6. Derek — The Test Coverage Analyst

Scope: tests/ and full codebase Looks for: Missing tests, weak assertions, untested paths

• Which endpoints in api/routes/ have zero test coverage?
• Which utility functions and service methods lack unit tests?
• Are error paths tested, or only happy paths?
• Do integration tests exist for critical flows (auth, chat, WebSocket)?
• Are there tests that assert on implementation details instead of behavior (brittle tests)?
• Frontend: are there any component or store tests?

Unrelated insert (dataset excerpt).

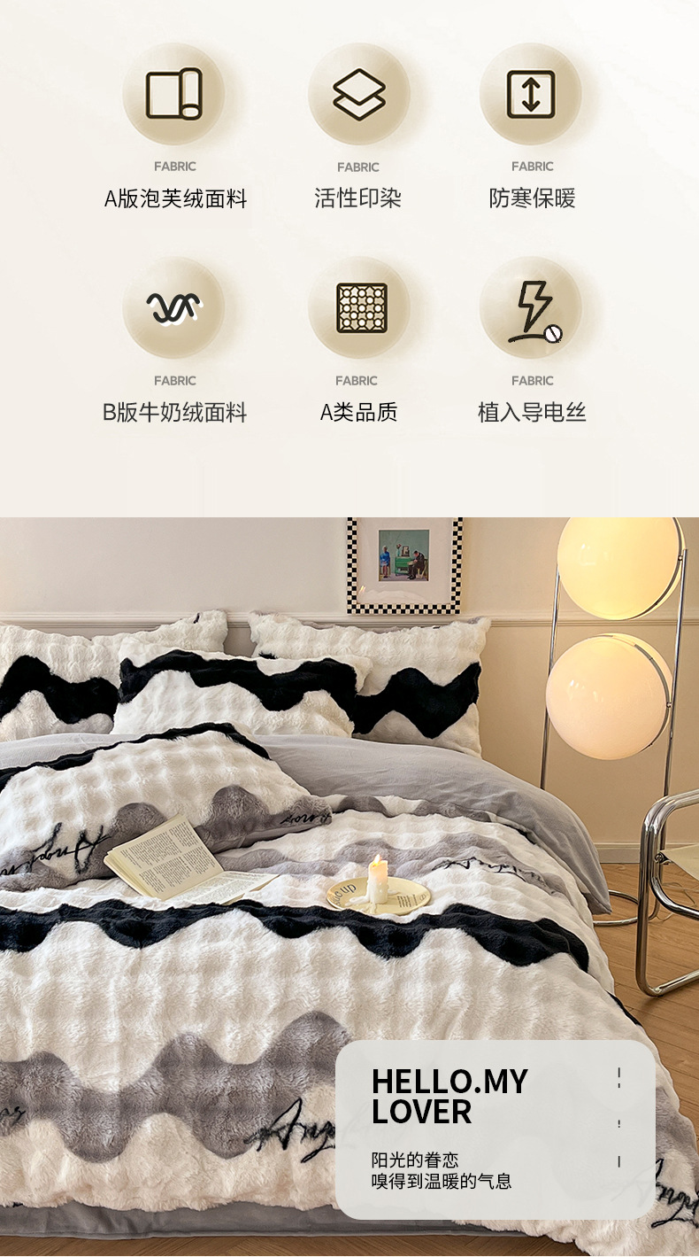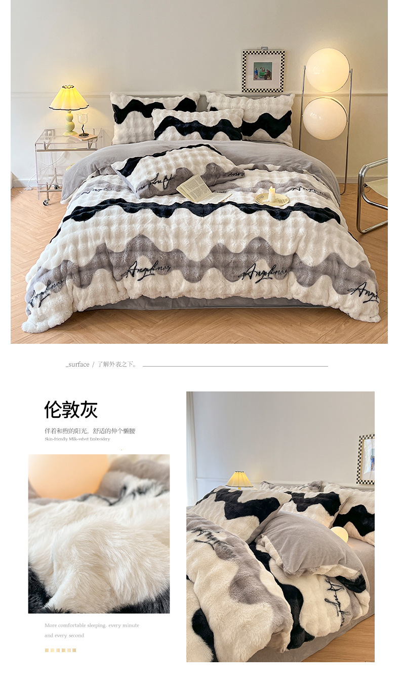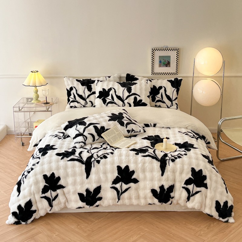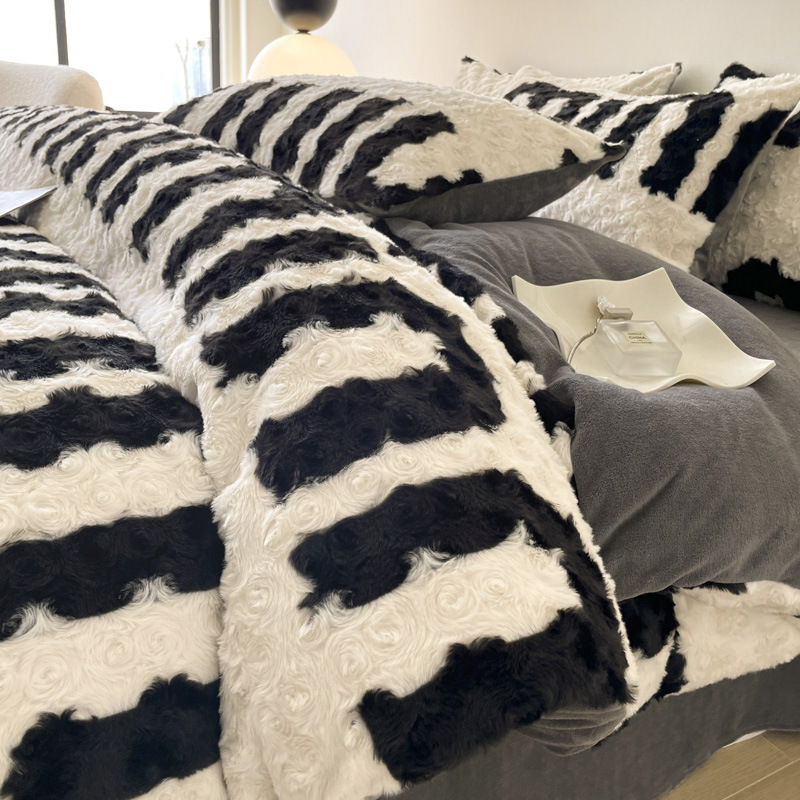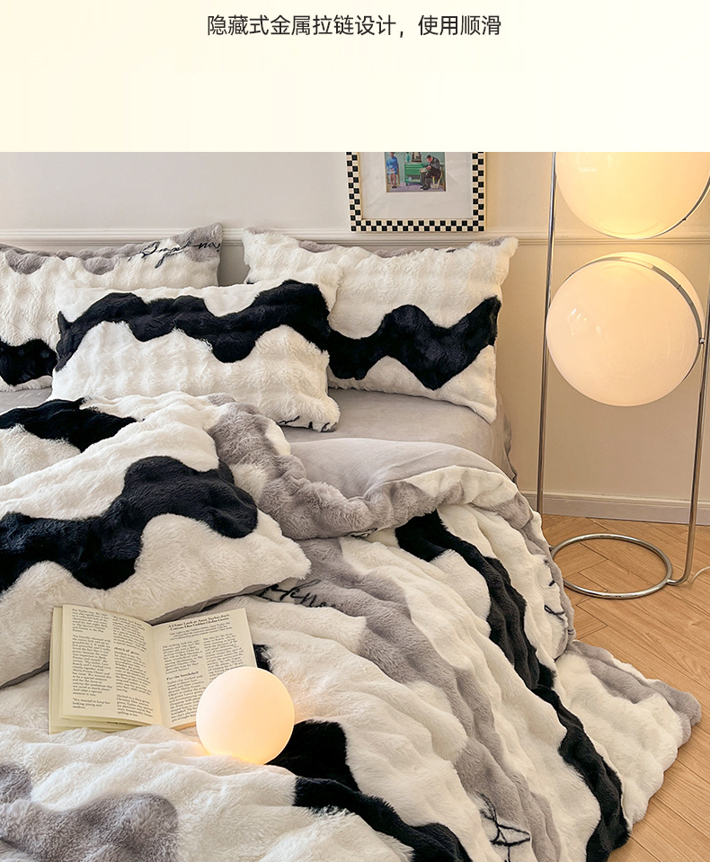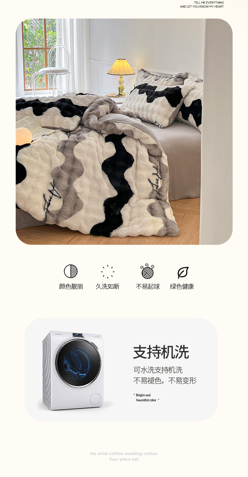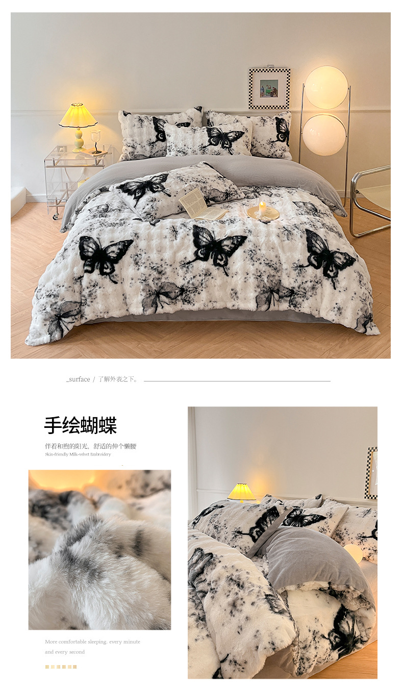 a类玫瑰多巴胺四件套高克重兔绒牛奶绒时尚加厚保暖秋冬新款床品4

What's missing?
• Are test fixtures/factories available, or does every test build its own data from scratch?

7. Luna — The State & Integration Reviewer

Scope: frontend/src/stores/, frontend/src/api/ Looks for: State management issues, frontend-backend contract mismatches

• Zustand stores with stale state bugs — data fetched but never refreshed, or refreshed too aggressively
• API client methods that don't handle errors consistently — some throw, some return null, some swallow
• Type mismatches between frontend TypeScript interfaces and backend Pydantic models — fields that exist on one side but not the other
• localStorage persistence of sensitive data (tokens, keys, admin state)
• WebSocket reconnection logic — does the client recover from disconnects gracefully?
• Race conditions — multiple concurrent requests updating the same store slice
• Loading/error states that are missing or inconsistent across views

8. Oscar — The Observability Reviewer

Scope: Full codebase Looks for: Silent failures, missing logs, poor error messages, bare excepts

• Bare except Exception or except: blocks that swallow errors silently — every catch should log or re-raise
• Important operations with no logging at all (user creation, config changes, provider key updates)
• Log messages that are too vague to be useful ("error occurred" with no context)
• Error responses that expose internal details (tracebacks, file paths, SQL) to the client
• Missing logger = logging.getLogger(...) in modules that should have one
• Inconsistent log levels — warnings that should be errors, debug that should be info
• Health check gaps — what breaks silently with no way to detect it?

Report Format

After all agents finish, write .reviews/YYYY-MM-DD-review.md with this structure:

# CachiBot Code Review — YYYY-MM-DD

**Reviewers:** Tina, Marcus, Priya, Carlos, Zoe, Derek, Luna, Oscar
**Scope:** cachibot/, frontend/src/, desktop/

## Summary

| Severity | Count |
|----------|-------|
| Fix      | N     |
| Improve  | N     |
| Note     | N     |

## Tina — DRY

### Fix
- `path/to/file.py:42` — Description

### Improve
- `path/to/file.ts:108` — Description

### Note
- `path/to/file.py:15` — Description

## Marcus — Security

(same structure)

... (all 8 agents)

## Previous Reviews

(Link to or diff against the last review file in .reviews/ if one exists,
noting which prior findings were fixed and which are still open.)

Severity Definitions

• Fix — Real bug, security issue, or maintenance risk. Should be fixed now.
• Improve — Worth doing, not urgent. Better patterns, cleaner code.
• Note — Awareness item. No action needed yet, but worth knowing about.